Author: Anya Galli

On February 18th, the PSE Workshop hosted UMD Anthropology professor and zooarcheologist George Hambrecht for a talk detailing the potential of archeological sites for studying long-term interactions between humans and the environment. The talk, titled “Archaeological Sites as Distributed Observing Networks for Long-term Global Environmental Change,” provided an overview of current studies that use archeological data to understand changes in climate, ecosystems, food chains, and human and animal migration.
Hambrecht tailored his presentation for a non-anthropology audience, talking more broadly about the range of studies being conducted, rather than the methodological nitty-gritty of the projects. Although methods geeks like myself might have craved a bit more detail, the breadth of the presentation allowed Hambrecht to show the myriad ways that society-environment interactions can be understood through the stuff (mainly food waste) that humans have thrown away across the centuries.
“I dig through history’s trash,” Hambrecht said, and what he finds there opens up an entirely new perspective on ecosystems, climate change, and humankind’s long-term relationship to the natural world.
But these piles of history’s trash, called middens, are not likely to remain intact through the end of this century. Climate change is threatening the fragile balance that has allowed for the long-term preservation of organic materials: rising sea levels will swallow many coastal sites, and soil temperature variation is speeding the decomposition of artifacts at inland sites.
The studies Hambrecht discussed highlight the linkages between human practices and environmental forces, as well as the role of humans in long-term ecological change.
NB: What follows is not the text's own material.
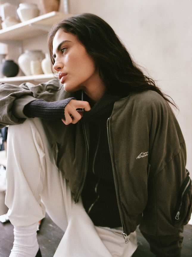 Introducing ready-to-wear Suede Moto Bomber Jackets, the Kith Women Spring Classics collection features a range of styles ideal for versatility and day-to-night dressing, a core pillar of the Kith Women brand. Explore additional Bomber Jackets made of sueded cotton for a vintage-wash effect, technical layers with reflective artwork and asymmetrical detailing, alongside some of her staple favorites such as the Mulberry II Tee, the Ina Sweater Track Zip, and the Ora Shirt, now available in updated hues and materials.

Hambrecht also highlighted the importance of these sites as educational resources for the public. Middens can educate local populations about their forebears, and can help connect contemporary environmental concerns to the challenges faced centuries ago. And publics who more readily trust archaeology than they would environmental science may be swayed by these kinds of findings. In short, environmental archaeology offers us a fascinating new lens through which to examine the society-environment relationship.
Still, Hambrecht’s talk was a good reminder that even when the easy description might be “humans did x, causing y changes in the environment,” the relationship is never quite that simple. The social is always, already, intertwined with the environmental. That humans and the environment influence and transform each other seems obvious today, but before Catton and Dunlap’s introduction of the “New Ecological Paradigm” in 1978, sociology’s approach to the environment had been largely one-sided: the environment was acted upon by humans, but it was not considered an actor. Contemporary sociological research operates largely from the perspective that human behaviors and environmental changes are co-constituting, two threads in a much larger tapestry. Hambrecht’s research reminds us that this tapestry stretches back much longer than we realized.
Anya Galli is a doctoral candidate in the Department of Sociology at the University of Maryland—College Park, where she studies environmental sociology and social movements. Her research addresses environmental inequality and industrial pollution in the US, focusing on the socio-political determinants of disproportionate emissions in the coal-fired power industry. Galli is also a Fellow with the Program for Society and the Environment at the University of Maryland, where she researches environmental stewardship and civic participation.